Data entries
◇ ◇ ◇ ◇ ◇

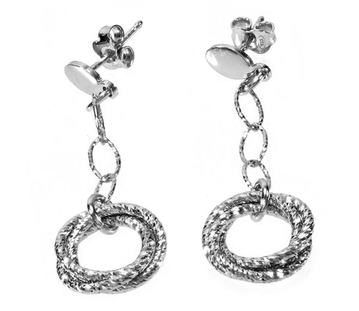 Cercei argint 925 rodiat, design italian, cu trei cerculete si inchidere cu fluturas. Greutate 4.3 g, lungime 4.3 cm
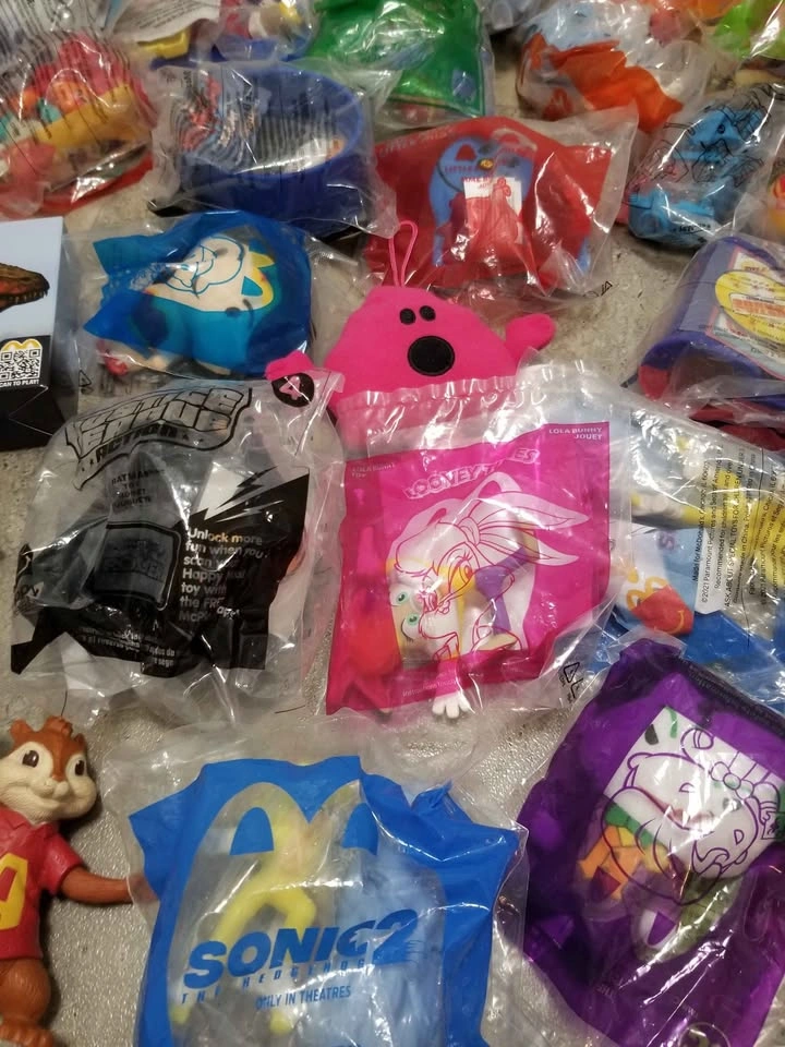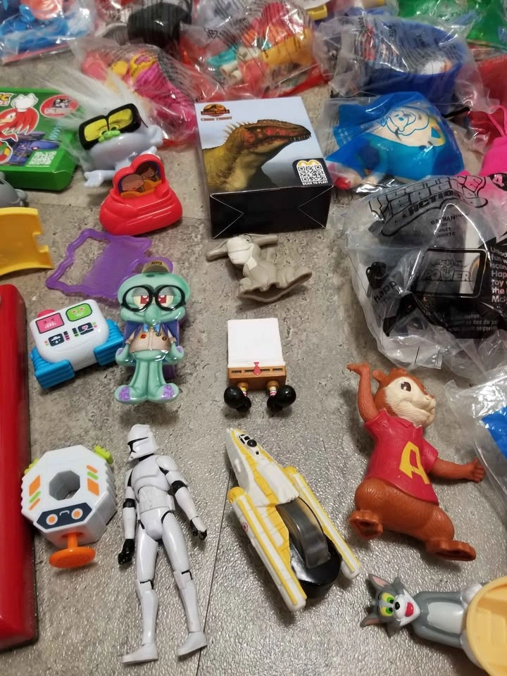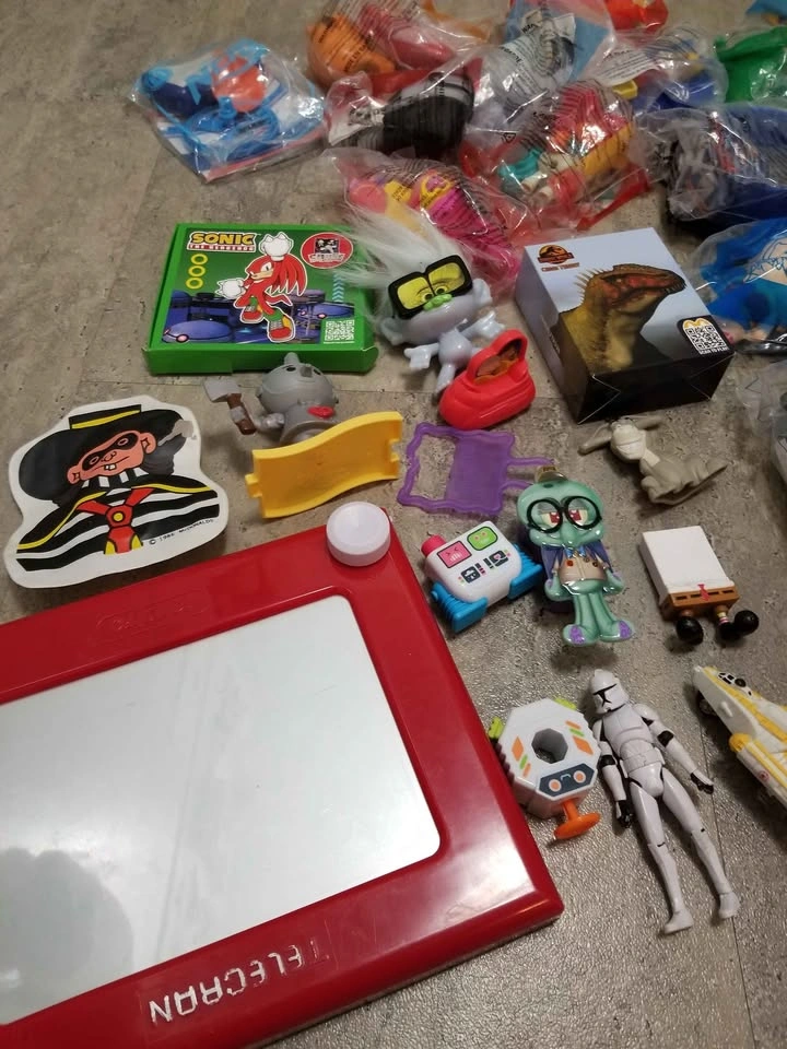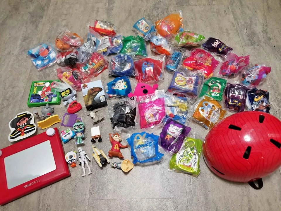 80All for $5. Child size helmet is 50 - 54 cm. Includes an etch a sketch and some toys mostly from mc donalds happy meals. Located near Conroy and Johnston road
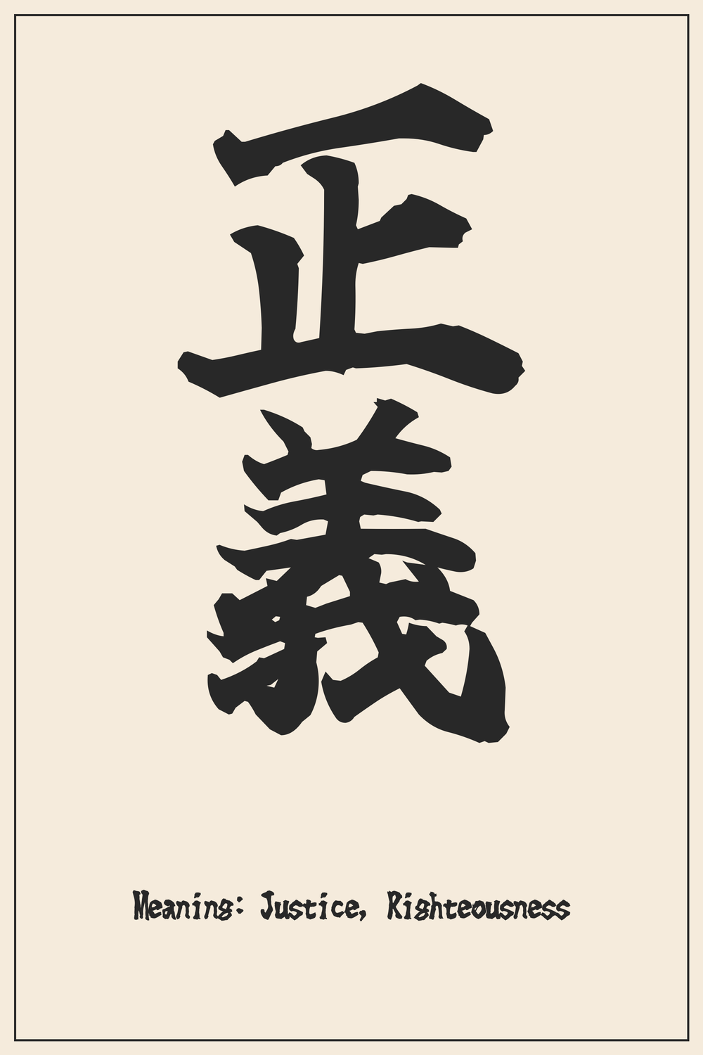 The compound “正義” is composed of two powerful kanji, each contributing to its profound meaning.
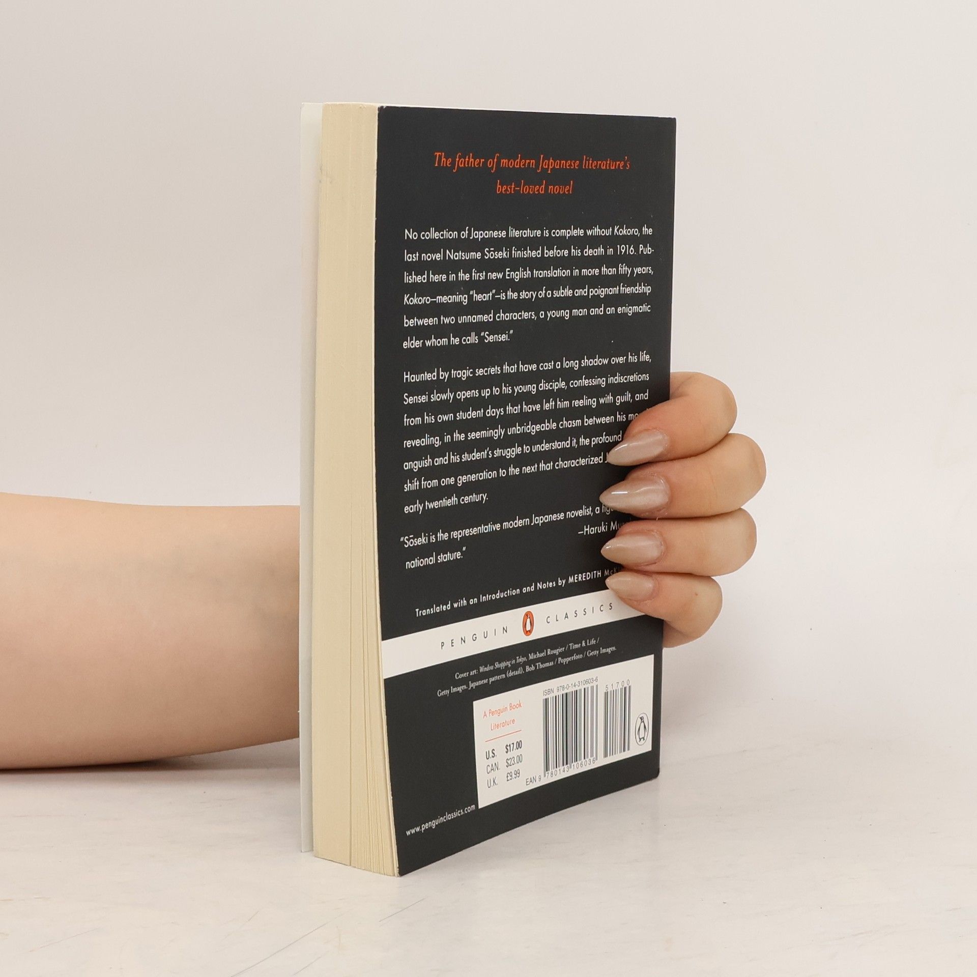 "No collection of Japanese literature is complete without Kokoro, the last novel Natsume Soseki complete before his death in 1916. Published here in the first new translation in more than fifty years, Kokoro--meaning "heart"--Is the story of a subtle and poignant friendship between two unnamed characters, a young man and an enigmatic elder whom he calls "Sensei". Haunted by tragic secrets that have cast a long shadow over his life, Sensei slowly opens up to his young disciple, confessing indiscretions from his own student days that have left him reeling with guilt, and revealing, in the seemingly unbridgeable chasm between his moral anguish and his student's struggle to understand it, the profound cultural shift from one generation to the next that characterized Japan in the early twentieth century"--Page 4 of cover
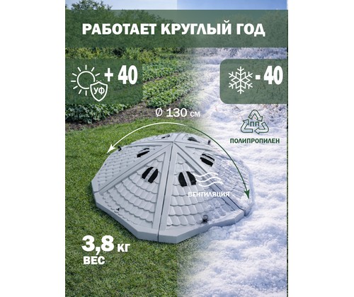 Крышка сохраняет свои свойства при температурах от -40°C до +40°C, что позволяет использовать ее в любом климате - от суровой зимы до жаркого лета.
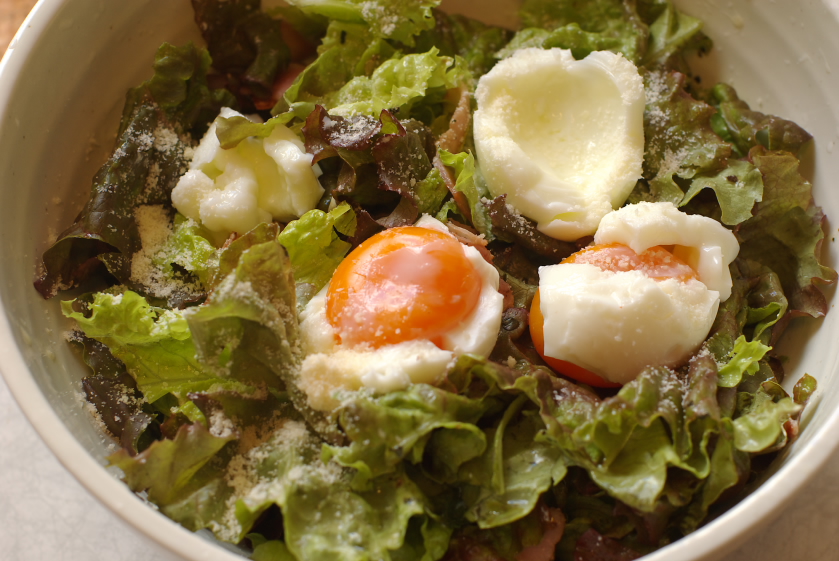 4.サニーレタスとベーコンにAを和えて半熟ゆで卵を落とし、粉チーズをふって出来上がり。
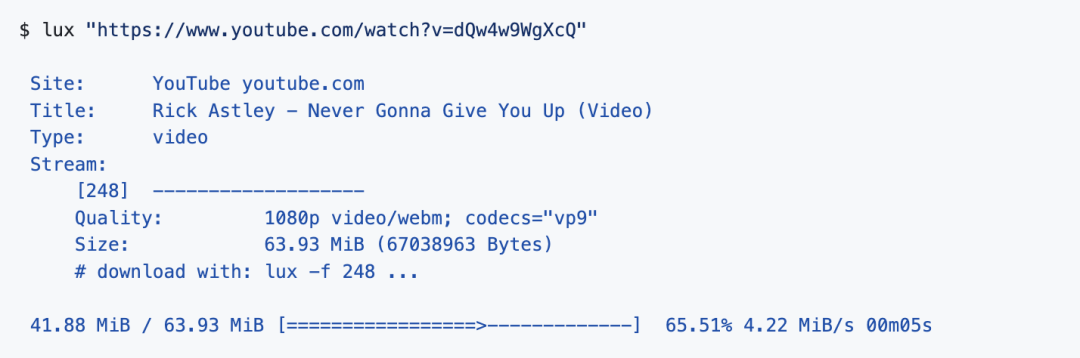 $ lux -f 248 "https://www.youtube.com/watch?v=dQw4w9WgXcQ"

◇ ◇ ◇ ◇ ◇

■ Directions ■
Retype, word for word, the lines from the one with "its profound meaning." through the last line of the entries above, and only those lines. Leave pictures out.

■ Exercise solution ■
 The compound “正義” is composed of two powerful kanji, each contributing to its profound meaning.
 "No collection of Japanese literature is complete without Kokoro, the last novel Natsume Soseki complete before his death in 1916. Published here in the first new translation in more than fifty years, Kokoro--meaning "heart"--Is the story of a subtle and poignant friendship between two unnamed characters, a young man and an enigmatic elder whom he calls "Sensei". Haunted by tragic secrets that have cast a long shadow over his life, Sensei slowly opens up to his young disciple, confessing indiscretions from his own student days that have left him reeling with guilt, and revealing, in the seemingly unbridgeable chasm between his moral anguish and his student's struggle to understand it, the profound cultural shift from one generation to the next that characterized Japan in the early twentieth century"--Page 4 of cover
 Крышка сохраняет свои свойства при температурах от -40°C до +40°C, что позволяет использовать ее в любом климате - от суровой зимы до жаркого лета.
 4.サニーレタスとベーコンにAを和えて半熟ゆで卵を落とし、粉チーズをふって出来上がり。
 $ lux -f 248 "https://www.youtube.com/watch?v=dQw4w9WgXcQ"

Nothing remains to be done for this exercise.